§ Problem
Emit the data below verbatim, stripping out any pictures.

§ Supplied material
════════════════════

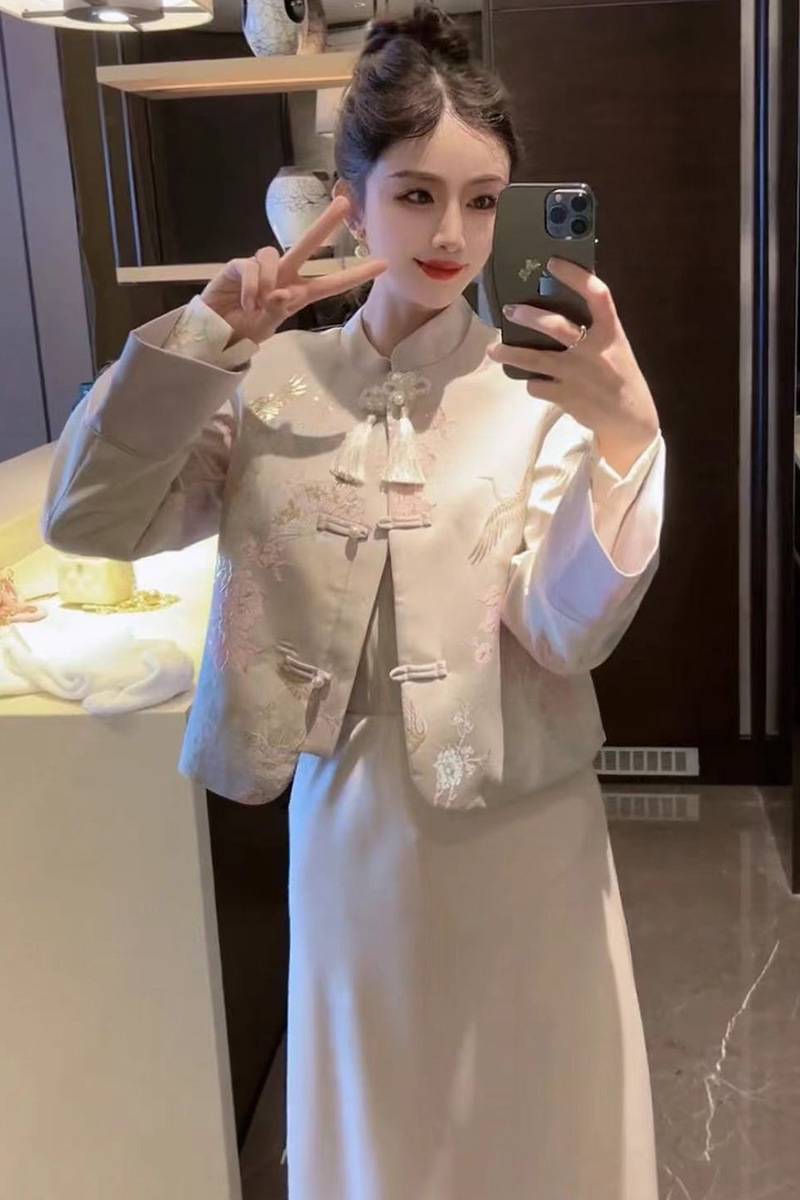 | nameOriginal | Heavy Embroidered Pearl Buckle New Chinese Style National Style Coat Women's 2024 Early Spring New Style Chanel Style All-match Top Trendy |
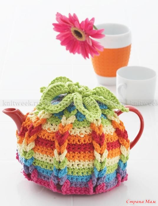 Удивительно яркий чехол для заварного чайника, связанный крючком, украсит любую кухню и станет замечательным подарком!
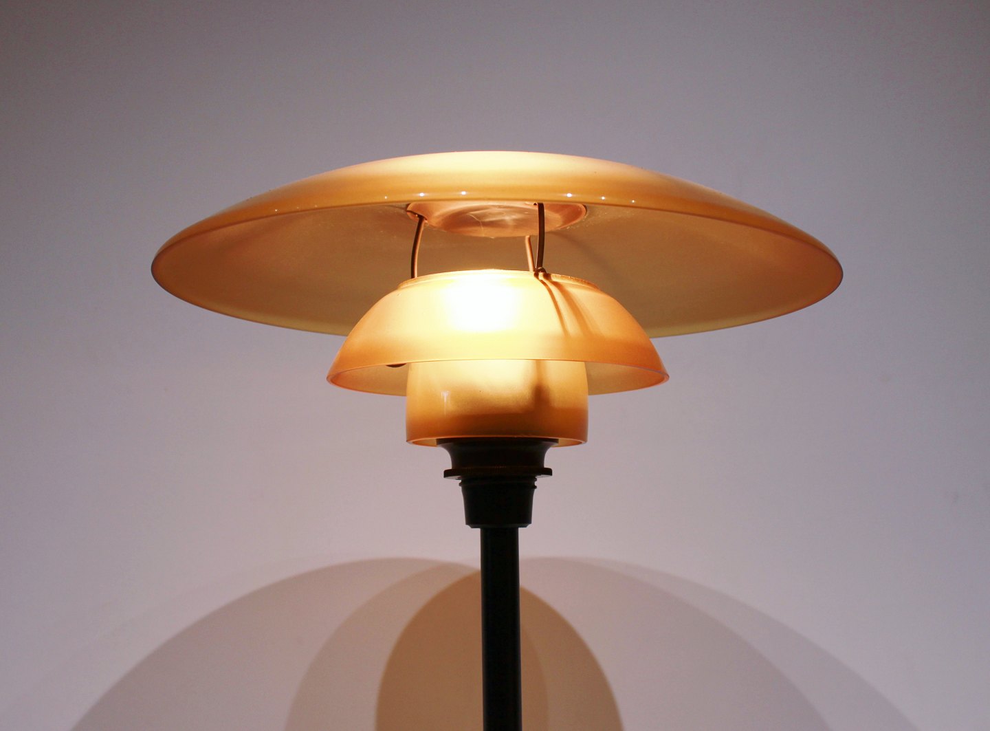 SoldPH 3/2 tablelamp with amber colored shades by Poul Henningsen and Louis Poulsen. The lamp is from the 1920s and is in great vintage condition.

════════════════════

§ Task output
 | nameOriginal | Heavy Embroidered Pearl Buckle New Chinese Style National Style Coat Women's 2024 Early Spring New Style Chanel Style All-match Top Trendy |
 Удивительно яркий чехол для заварного чайника, связанный крючком, украсит любую кухню и станет замечательным подарком!
 SoldPH 3/2 tablelamp with amber colored shades by Poul Henningsen and Louis Poulsen. The lamp is from the 1920s and is in great vintage condition.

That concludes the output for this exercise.